DIRECTIONS FOR THIS TASK: What is needed is a word-for-word copy of the listing below, without pictures.

AVAILABLE DATA:
○ ○ ○ ○

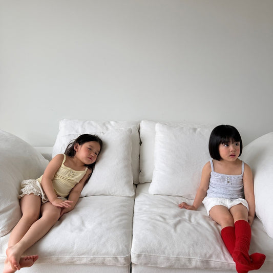 • Baby Toddler Double Red Line Socks (0-8y) - Beige - AT NOON STORE
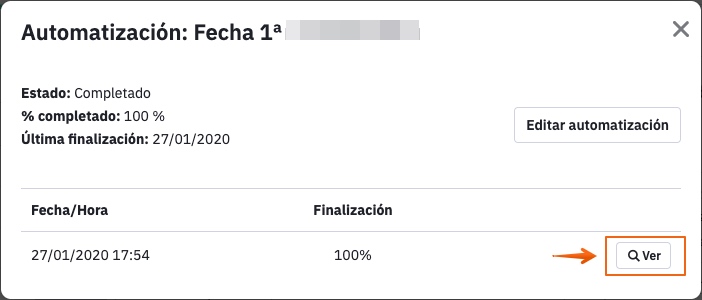 En la siguiente pantalla que te aparecerá con el listado de todas las automatizaciones por las que ha pasado ese lead, pulsa en “Ver” en la que te interese analizar.
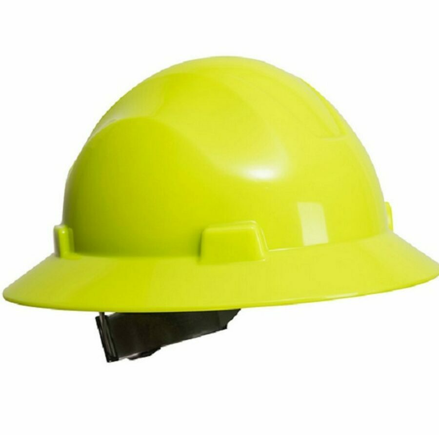 Details: Full brim hard hat: its wide profile provides extra protection against sun, glare, rain, debris and non-toxic splashes

○ ○ ○ ○

TASK OUTPUT:
 • Baby Toddler Double Red Line Socks (0-8y) - Beige - AT NOON STORE
 En la siguiente pantalla que te aparecerá con el listado de todas las automatizaciones por las que ha pasado ese lead, pulsa en “Ver” en la que te interese analizar.
 Details: Full brim hard hat: its wide profile provides extra protection against sun, glare, rain, debris and non-toxic splashes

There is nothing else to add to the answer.